Most people heard every permutation of the pros and cons of independence before making their mind up.

Scotland was informed, turnout was high, and the Yes side lost fairly convincingly.

So if Russia did try to influence things, their influence wasn’t exactly effective.

The world has also changed a lot in the last six months never mind six years since that 2014 referendum.

The Scottish independence campaign now has a new leader, new focus, and in Brexit there is a new grievance creating fertile ground for renewed support.

The fresh momentum behind Scotland’s independence movement suggests they could now win a vote. 

In fact, Strathclyde University’s polling guru, Professor John Curtice, told me today that for the first time ever the Yes side would be considered favourites to win.

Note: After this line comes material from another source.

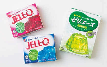 カラーゼリーは、市販のゼリーの素を使ってもOK。フルーツゼリーの素を使うと、フルーツの味がする。水の代わりにフルーツジュースを使っても。色はカラージェルで調整する。
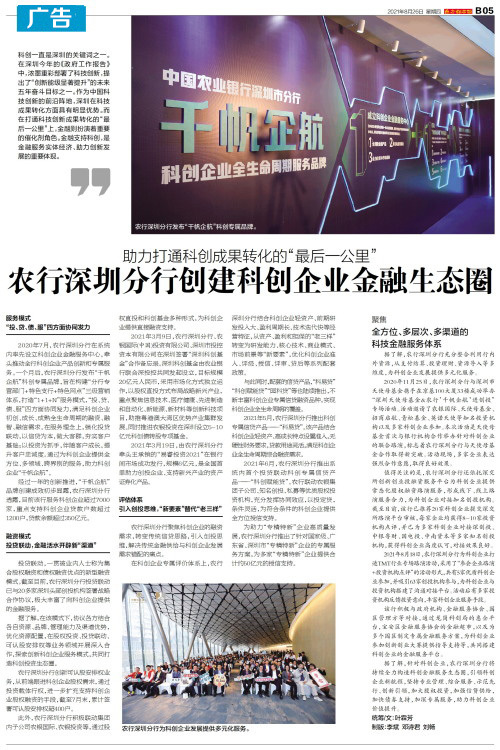 农行深圳分行创建科创企业金融生态圈

He believes this recent swing is largely based on the perception Nicola Sturgeon has dealt with the Covid crisis much better than Boris Johnson.

David Cameron holds a meeting with Russian President Vladimir Putin at the G20 Turkey Leaders Summit in Antalya, Turkey in 2015 Credit: Stefan Rousseau/PA

Rightly or wrongly, there is a belief she communicated more clearly and demonstrates greater competency in these testing times, and crucially that Scotland started to fare better when the first minister took the initiative to move away from the prime minister’s four-nations approach to coronavirus. 

Lockdown has allowed Scotland to flex its devolved muscles and show people what is really possible.

SNP insiders tell me their mantra is now "show don’t tell" for winning the argument over independence.

It’s unlikely allegations Russia tried to interfere with the old vote six years ago will alter that perception very much. 

It is also unlikely to convince Scottish voters that independence is a bad idea simply because it could suit Russia - Scots are simply too personally involved in the debate for that now, and they care far more about hearing from people who can tell them what independence would mean for pensions, the economy and the NHS.

What this report warns us is Russia will be watching should the Scotland question arise again.

We know malicious outside agents are already exploiting social media with ‘bots’ and industrial-scale disinformation is being pumped out directly onto the screens in our homes and in our hands. It is a challenge to fight that kind of enemy but we have to find a way. 

If there is a second independence referendum, the onus is now on both sides to correct the lies, to refute completely the conspiracy theories, and agree to protect our democracy from outside interference. That’s the only way people will have faith in it being a fair and free vote once again.